DCLs are not unique to the United States. Since 1991, Canada has been a partner with the United States in the PACE program at both Blaine and Point Roberts. In addition, Canada has recently introduced its own national DCL program, CANPASS, which is in operation at seven ports-of-entry, including the Whirlpool Rapids Bridge near Buffalo, New York, and Douglas, British Columbia. Open to both Canadian and U.S. citizens, CANPASS allows pre-approved, low risk border crossers to enter Canada with minimal inspection using identification cards to verify eligibility. Similar to SENTRI sites along the Northern border, CANPASS does not include any exit-control features. Originally, CANPASS charged a $25 annual user fee, but in May 1999 this fee was eliminated. Although no formal plans have been developed, INS eventually intends to integrate SENTRI with CANPASS along the Northern border so that commuters will be able to participate in both DCL programs.

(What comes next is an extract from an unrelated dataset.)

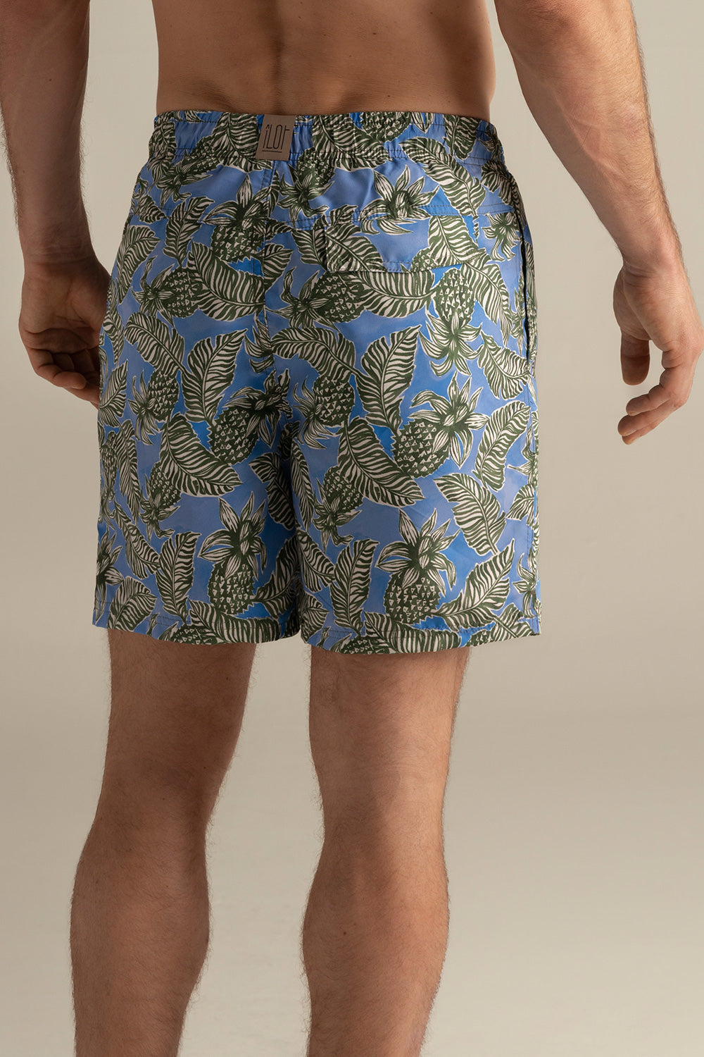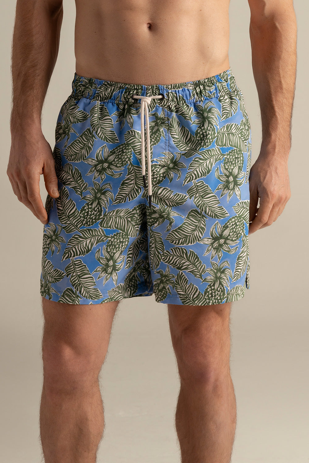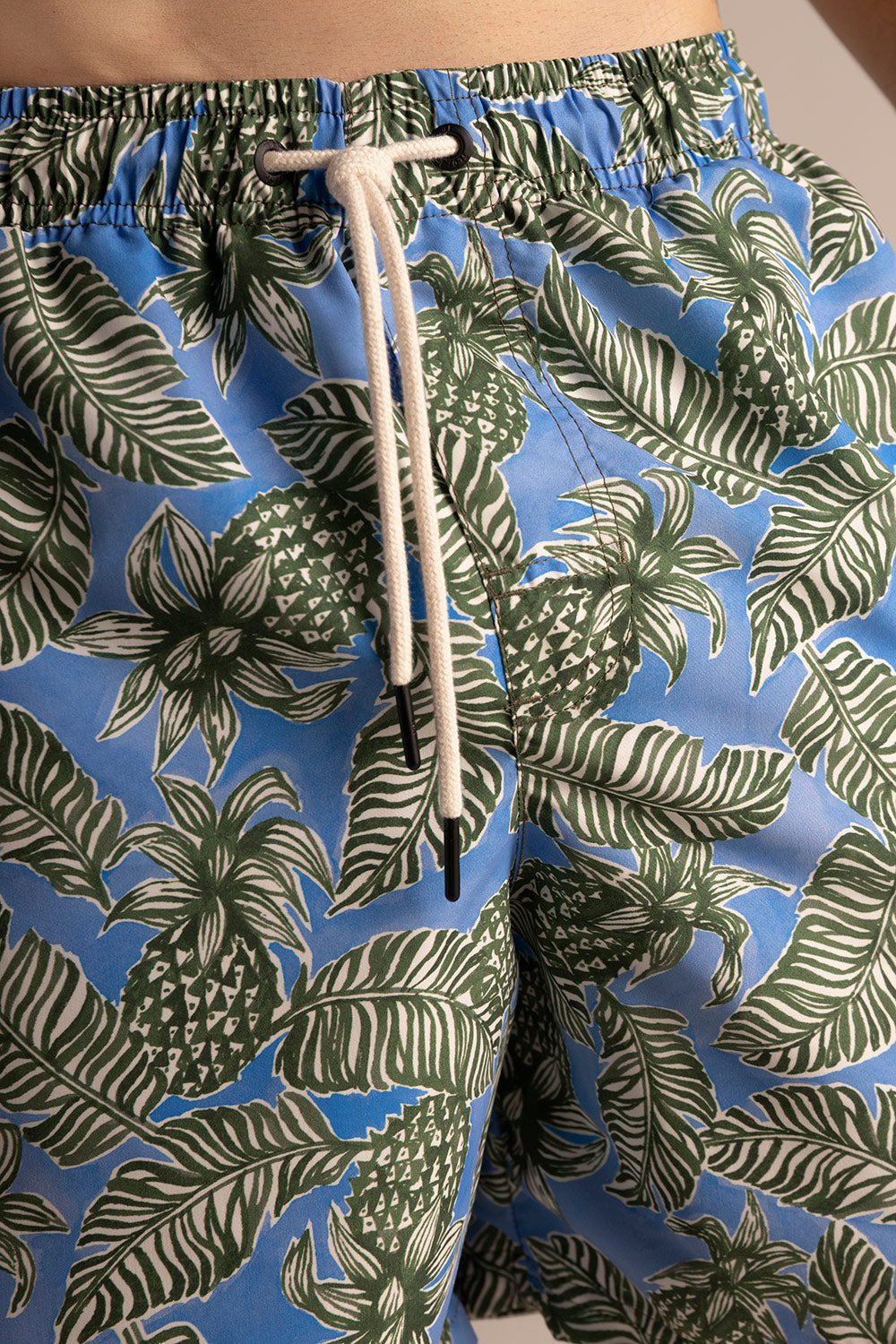 Pantaloneta Península corta, con estampado de piñas y hojas azules. Silueta clásica con elástico en la cintura y cordón off white con punteras metálicas en negro mate, ojaletes en negro mate en zamack y bolsillo de tapa.. Color azul/verde, Ref. CH37062-MH37062-LH37062

  1. The National Partnership for Reinventing Government was formerly known as the National Performance Review.

  2. INS officials told us the Peace Bridge and Ambassador Bridge were also chosen as SENTRI sites because they were both participants in the North American Trade Automation Prototype (NATAP) pilot project. NATAP is designed to expedite commercial traffic using technology similar to SENTRI, including radio frequency transponders. Like SENTRI, NATAP is also a joint INS-Customs initiative.

  3. The Stanton Street Bridge has no general inspection lanes. With the exception of the SENTRI lanes, the Stanton Street Bridge runs only in the direction from the United States to Mexico.

  4. The Automated Fingerprint Identification System (AFIS) is a mainframe system that offers law enforcement agents access to several state-maintained criminal databases.

  5. Currently, Otay Mesa and the Stanton Street Bridge are the only SENTRI sites where INS and Customs inspectors share application and enrollment-related responsibilities. At the Ambassador Bridge and the Peace Bridge, only INS inspectors perform these duties.

  6. Enrollment data from the Otay Mesa and San Ysidro sites will be combined because the two ports, which are located only eight miles from one another, will share a joint enrollment center at Otay Mesa.

  7. This Act, first approved in 1991, originally restricted land border pilot projects to the Northern border and was set to expire in September 1993. In 1994, Congress lifted this restriction for California-based ports-of-entry and extended the Act until September 1996. In 1996, all restrictions were lifted and the Act was extended until September 30, 2000.

  8. Agency heads may recommend to OMB that "exceptions to the general policy be made" regarding OMB Circular A-25. All exceptions shall be for no more than four years unless renewed by OMB. To date, neither INS nor Customs has recommended to OMB that an exemption be made for SENTRI.

  9. This $129 annual user fee includes a $25 application fee, $24 fingerprint check fee assessed by the FBI, and an $80 "lane processing fee."

  10. This figure includes lane construction, purchase of equipment and supplies, and system maintenance. It does not include staffing or rental costs for SENTRI's enrollment center.

  11. Construction costs include equipment for both the SENTRI lane and enrollment center.

  12. Because PACE's user fee is assessed per vehicle rather than per individual, PACE only tracks the number of vehicles enrolled in the program.